DATA SHOWN:
·····

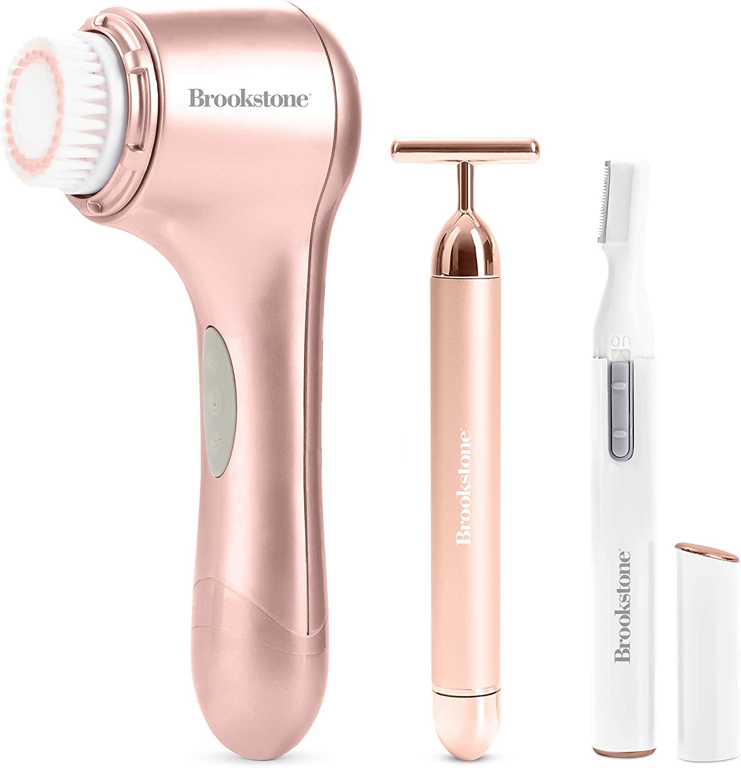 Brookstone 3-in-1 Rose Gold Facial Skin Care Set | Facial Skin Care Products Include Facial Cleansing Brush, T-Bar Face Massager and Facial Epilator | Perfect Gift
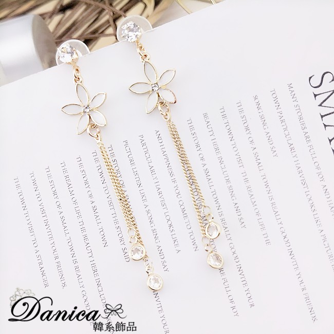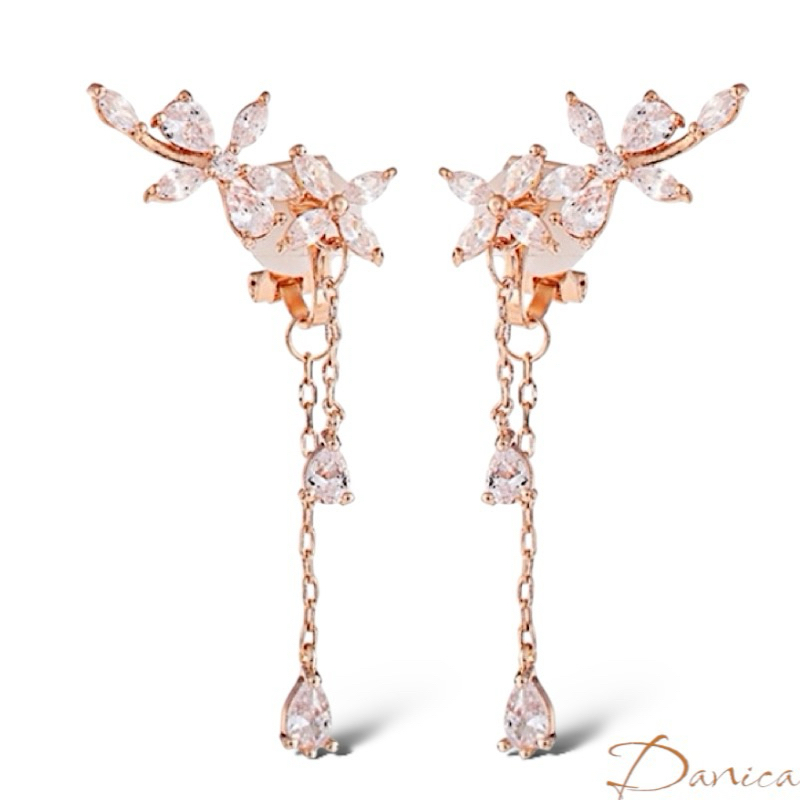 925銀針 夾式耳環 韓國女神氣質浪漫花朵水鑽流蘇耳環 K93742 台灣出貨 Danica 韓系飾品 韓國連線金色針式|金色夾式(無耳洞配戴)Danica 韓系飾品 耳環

·····

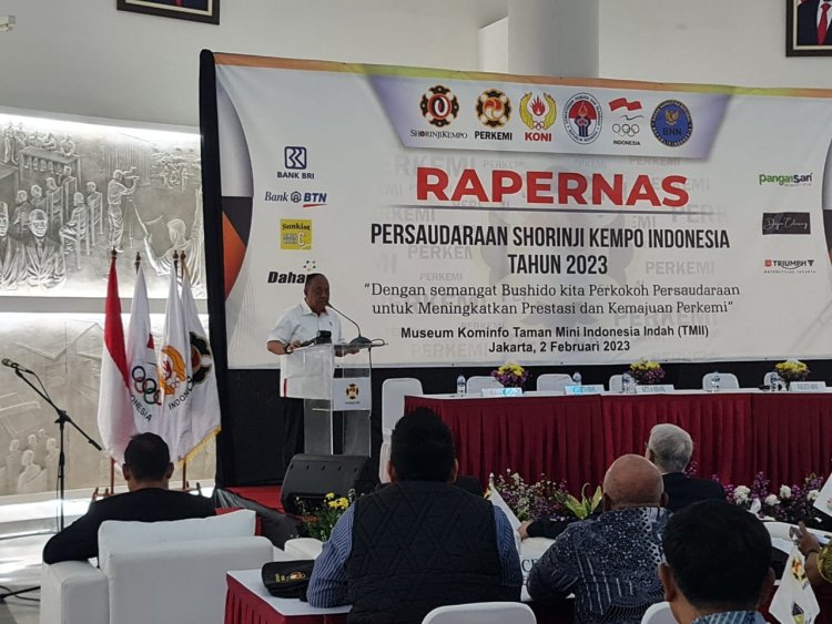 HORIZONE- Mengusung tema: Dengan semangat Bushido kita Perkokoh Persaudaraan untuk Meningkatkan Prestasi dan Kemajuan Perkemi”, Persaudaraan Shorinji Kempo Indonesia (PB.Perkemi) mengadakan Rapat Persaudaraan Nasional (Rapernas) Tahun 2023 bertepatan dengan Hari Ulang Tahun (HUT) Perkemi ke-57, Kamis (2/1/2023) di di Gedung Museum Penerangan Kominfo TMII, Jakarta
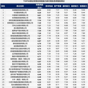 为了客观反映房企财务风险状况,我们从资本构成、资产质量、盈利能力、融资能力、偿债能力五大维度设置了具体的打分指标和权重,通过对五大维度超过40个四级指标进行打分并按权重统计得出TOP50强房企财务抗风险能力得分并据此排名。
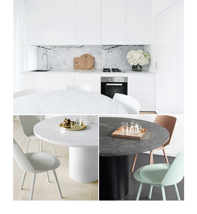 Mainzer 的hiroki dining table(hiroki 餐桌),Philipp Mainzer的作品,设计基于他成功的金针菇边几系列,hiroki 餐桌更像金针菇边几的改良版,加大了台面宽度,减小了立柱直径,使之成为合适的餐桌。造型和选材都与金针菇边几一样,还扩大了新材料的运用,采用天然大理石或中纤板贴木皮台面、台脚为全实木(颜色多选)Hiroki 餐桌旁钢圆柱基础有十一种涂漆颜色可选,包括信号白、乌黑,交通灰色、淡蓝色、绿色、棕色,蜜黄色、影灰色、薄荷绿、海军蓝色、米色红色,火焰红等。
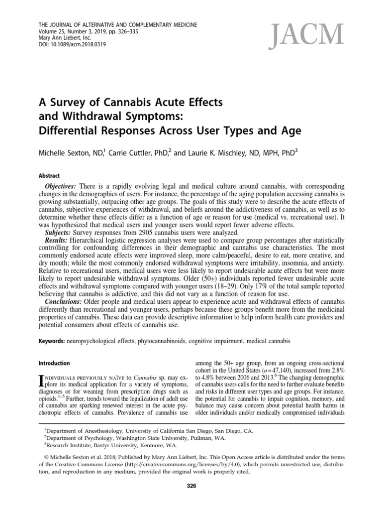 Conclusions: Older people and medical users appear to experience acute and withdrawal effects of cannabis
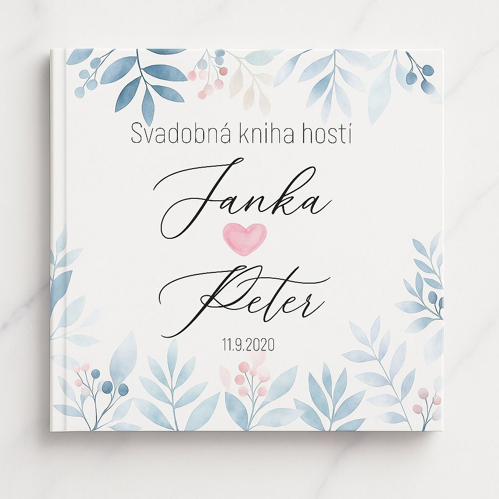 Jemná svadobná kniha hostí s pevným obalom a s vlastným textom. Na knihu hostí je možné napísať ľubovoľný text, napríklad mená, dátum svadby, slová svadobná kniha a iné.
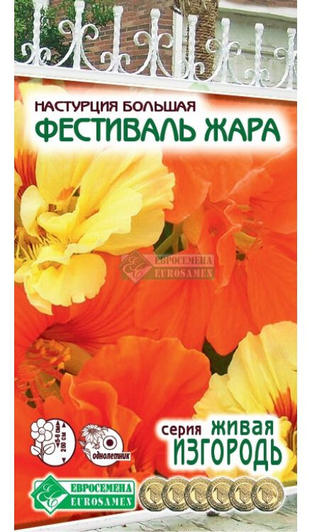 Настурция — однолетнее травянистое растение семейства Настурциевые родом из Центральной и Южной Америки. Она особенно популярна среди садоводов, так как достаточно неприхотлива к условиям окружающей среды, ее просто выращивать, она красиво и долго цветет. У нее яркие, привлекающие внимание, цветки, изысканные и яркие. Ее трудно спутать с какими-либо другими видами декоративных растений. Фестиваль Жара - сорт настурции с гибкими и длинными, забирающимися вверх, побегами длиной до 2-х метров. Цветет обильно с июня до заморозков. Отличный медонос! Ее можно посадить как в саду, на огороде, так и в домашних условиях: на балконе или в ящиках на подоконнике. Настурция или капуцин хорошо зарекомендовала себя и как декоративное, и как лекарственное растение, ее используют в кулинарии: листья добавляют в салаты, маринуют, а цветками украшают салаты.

·····

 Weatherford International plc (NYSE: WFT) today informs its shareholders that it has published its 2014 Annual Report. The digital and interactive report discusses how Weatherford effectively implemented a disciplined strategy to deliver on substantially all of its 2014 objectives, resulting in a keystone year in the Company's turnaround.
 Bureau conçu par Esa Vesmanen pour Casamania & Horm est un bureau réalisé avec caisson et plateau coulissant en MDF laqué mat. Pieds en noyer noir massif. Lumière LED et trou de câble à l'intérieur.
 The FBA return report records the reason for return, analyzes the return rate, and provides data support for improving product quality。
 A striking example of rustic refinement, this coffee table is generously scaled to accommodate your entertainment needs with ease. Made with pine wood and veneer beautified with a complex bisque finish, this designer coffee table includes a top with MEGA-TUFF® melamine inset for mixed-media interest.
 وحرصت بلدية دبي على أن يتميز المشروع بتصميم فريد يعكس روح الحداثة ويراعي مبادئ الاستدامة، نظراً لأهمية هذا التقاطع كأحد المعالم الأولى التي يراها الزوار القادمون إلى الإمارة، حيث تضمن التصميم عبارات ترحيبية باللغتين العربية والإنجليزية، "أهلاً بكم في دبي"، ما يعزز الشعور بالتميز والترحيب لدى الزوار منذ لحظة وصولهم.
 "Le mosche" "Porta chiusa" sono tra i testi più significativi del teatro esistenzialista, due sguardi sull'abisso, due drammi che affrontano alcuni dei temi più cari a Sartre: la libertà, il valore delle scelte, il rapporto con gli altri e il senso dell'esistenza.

·····

In the material above, how many lines include the word "report"? Answer with the number only.

2